* **Provided records**
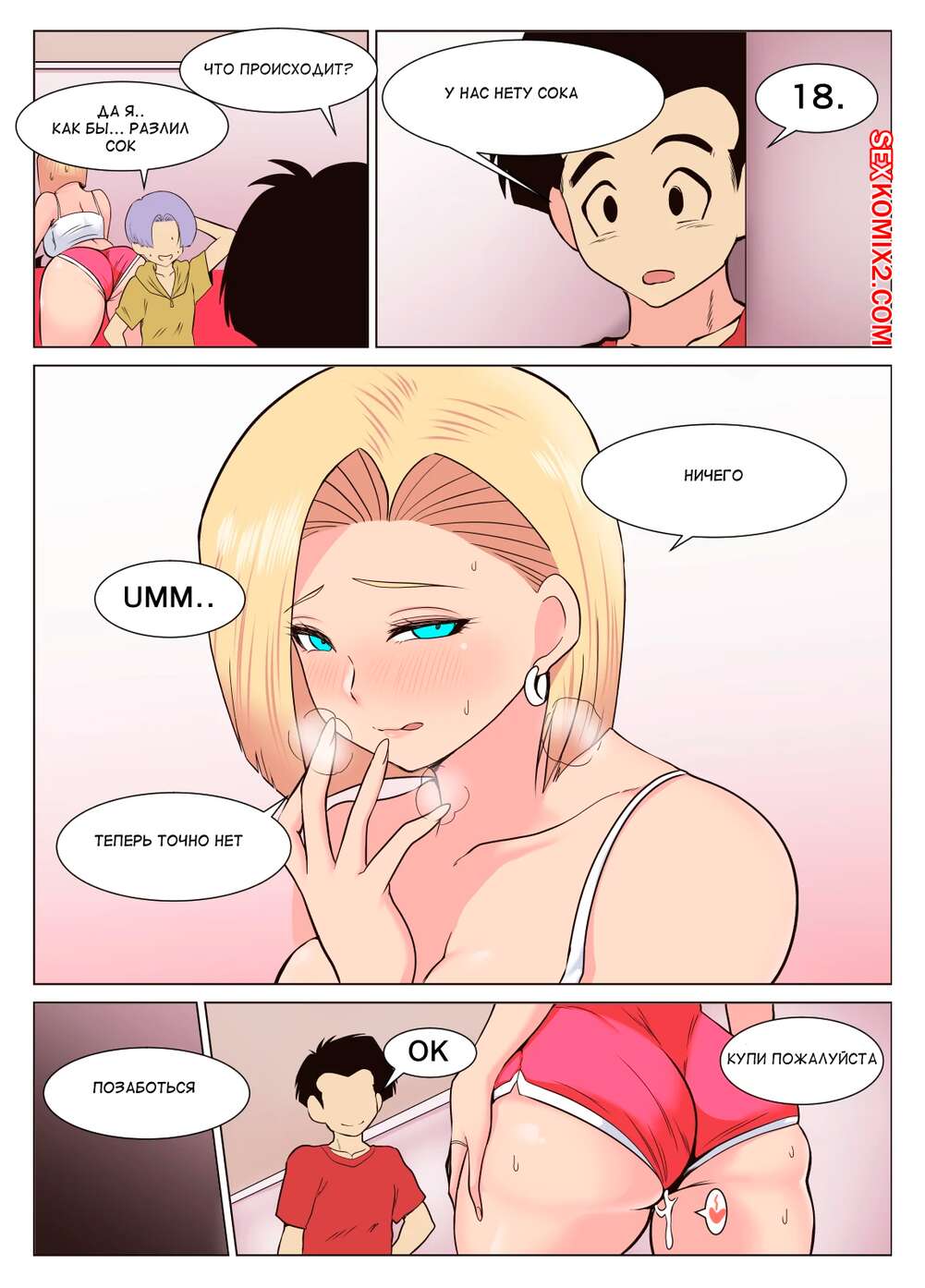 ΠΠΎΡΠ½ΠΎ ΠΊΠΎΠΌΠΈΠΊΡ Dragon Ball. Π’ΡΠ°Π½ΠΊΡ ΠΈ ΠΠΎΡΠ΅Π½. T and G. Donaora889. ΠΠ½Π΄ΡΠΎΠΈΠ΄ 18 ΠΏΡΠΈΡΠΌΠ°ΡΡΠΈΠ²Π°Π»Π° Π·Π° Π’ΡΠ°Π½ΠΊΡΠΎΠΌ ΠΈ ΠΠΎΡΠ΅Π½ΠΎΠΌ. ΠΠ°ΡΠ½ΠΈ ΡΠ΅ΡΠΈΠ»ΠΈ Π²ΠΎΡΠΏΠΎΠ»ΡΠ·ΠΎΠ²Π°ΡΡ ΡΠ΅Π»ΠΎΠΌ ΠΊΡΠ°ΡΠΎΡΠΊΠΈ ΠΈ Π΄Π°Π»ΠΈ Π΅ΠΉ ΠΎΡΡΠΎΡΠ°ΡΡ ΡΠ²ΠΎΠΈ Π±ΠΎΠ»ΡΡΠΈΠ΅ Ρ ΡΠΈ, ΠΏΠΎΡΠ»Π΅ ΡΠ΅Π³ΠΎ Ρ ΠΎΡΠΎΡΠ΅Π½ΡΠΊΠΎ Π΅Π΅ Π²ΡΠ΅Π±Π°Π»ΠΈ Π²ΠΎ Π²ΡΠ΅ Π΄ΡΡΠΎΡΠΊΠΈ.
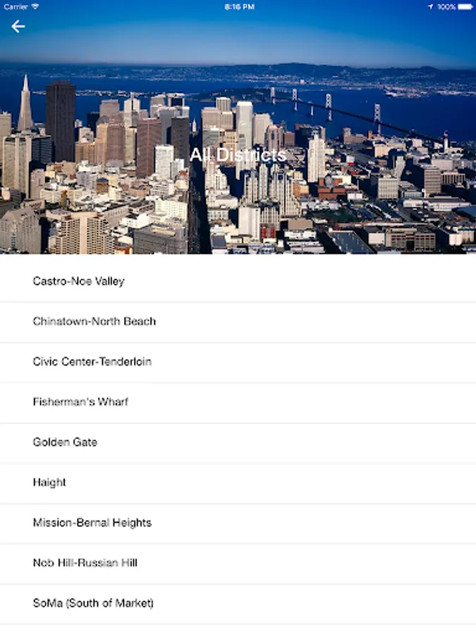 • Practical travel guide with detailed information like attractions, getting around for each district of San Francisco City.
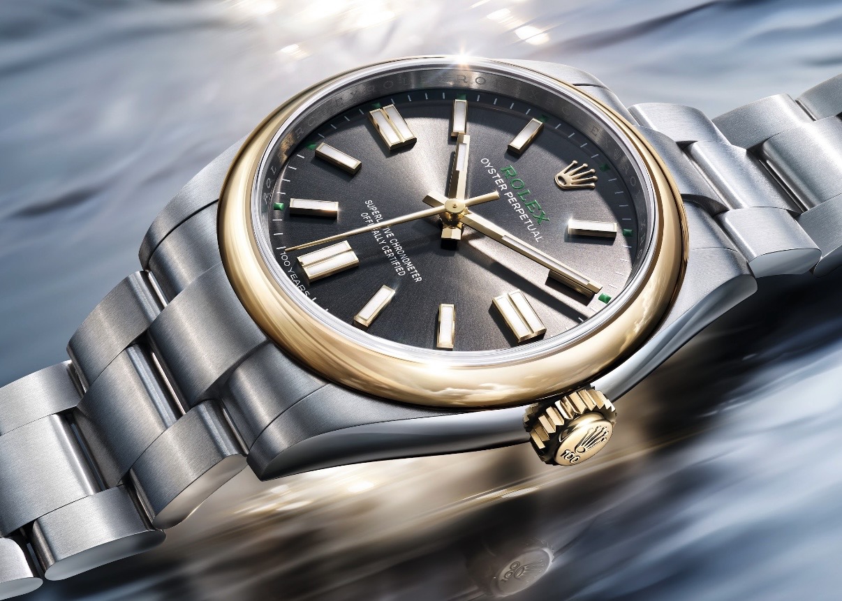 Dalam balutan Rolesor yang memadukan Oystersteel dan yellow gold, Oyster Perpetual 41 membawa penanda khusus pada dial dan crown sebagai refleksi satu abad Oyster. Penampilannya tetap sederhana, namun menyimpan lapisan cerita yang lebih dalam.
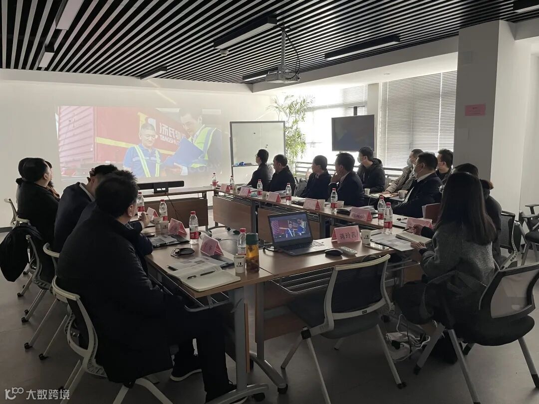 会议伊始,与政府部门共同观看企业宣传片后,由汤氏供应链董事长汤鲁飞介绍公司基本情况和已有平台建设运营情况,汇报汤氏供应链企业核心竞争力和企业管理模式存在的优势及数字化物流推广方面存在的一些问题。
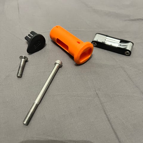 Saat kaupan päälle myös juomapullotelineen johon töötin pullon saa kiinni jos et halua käyttää mukana tulevaa velcrokiinnitystä.

* **Task to complete**
Quote the entries above word for word. Leave the images out.

* **Your response**
 ΠΠΎΡΠ½ΠΎ ΠΊΠΎΠΌΠΈΠΊΡ Dragon Ball. Π’ΡΠ°Π½ΠΊΡ ΠΈ ΠΠΎΡΠ΅Π½. T and G. Donaora889. ΠΠ½Π΄ΡΠΎΠΈΠ΄ 18 ΠΏΡΠΈΡΠΌΠ°ΡΡΠΈΠ²Π°Π»Π° Π·Π° Π’ΡΠ°Π½ΠΊΡΠΎΠΌ ΠΈ ΠΠΎΡΠ΅Π½ΠΎΠΌ. ΠΠ°ΡΠ½ΠΈ ΡΠ΅ΡΠΈΠ»ΠΈ Π²ΠΎΡΠΏΠΎΠ»ΡΠ·ΠΎΠ²Π°ΡΡ ΡΠ΅Π»ΠΎΠΌ ΠΊΡΠ°ΡΠΎΡΠΊΠΈ ΠΈ Π΄Π°Π»ΠΈ Π΅ΠΉ ΠΎΡΡΠΎΡΠ°ΡΡ ΡΠ²ΠΎΠΈ Π±ΠΎΠ»ΡΡΠΈΠ΅ Ρ ΡΠΈ, ΠΏΠΎΡΠ»Π΅ ΡΠ΅Π³ΠΎ Ρ ΠΎΡΠΎΡΠ΅Π½ΡΠΊΠΎ Π΅Π΅ Π²ΡΠ΅Π±Π°Π»ΠΈ Π²ΠΎ Π²ΡΠ΅ Π΄ΡΡΠΎΡΠΊΠΈ.
 • Practical travel guide with detailed information like attractions, getting around for each district of San Francisco City.
 Dalam balutan Rolesor yang memadukan Oystersteel dan yellow gold, Oyster Perpetual 41 membawa penanda khusus pada dial dan crown sebagai refleksi satu abad Oyster. Penampilannya tetap sederhana, namun menyimpan lapisan cerita yang lebih dalam.
 会议伊始,与政府部门共同观看企业宣传片后,由汤氏供应链董事长汤鲁飞介绍公司基本情况和已有平台建设运营情况,汇报汤氏供应链企业核心竞争力和企业管理模式存在的优势及数字化物流推广方面存在的一些问题。
 Saat kaupan päälle myös juomapullotelineen johon töötin pullon saa kiinni jos et halua käyttää mukana tulevaa velcrokiinnitystä.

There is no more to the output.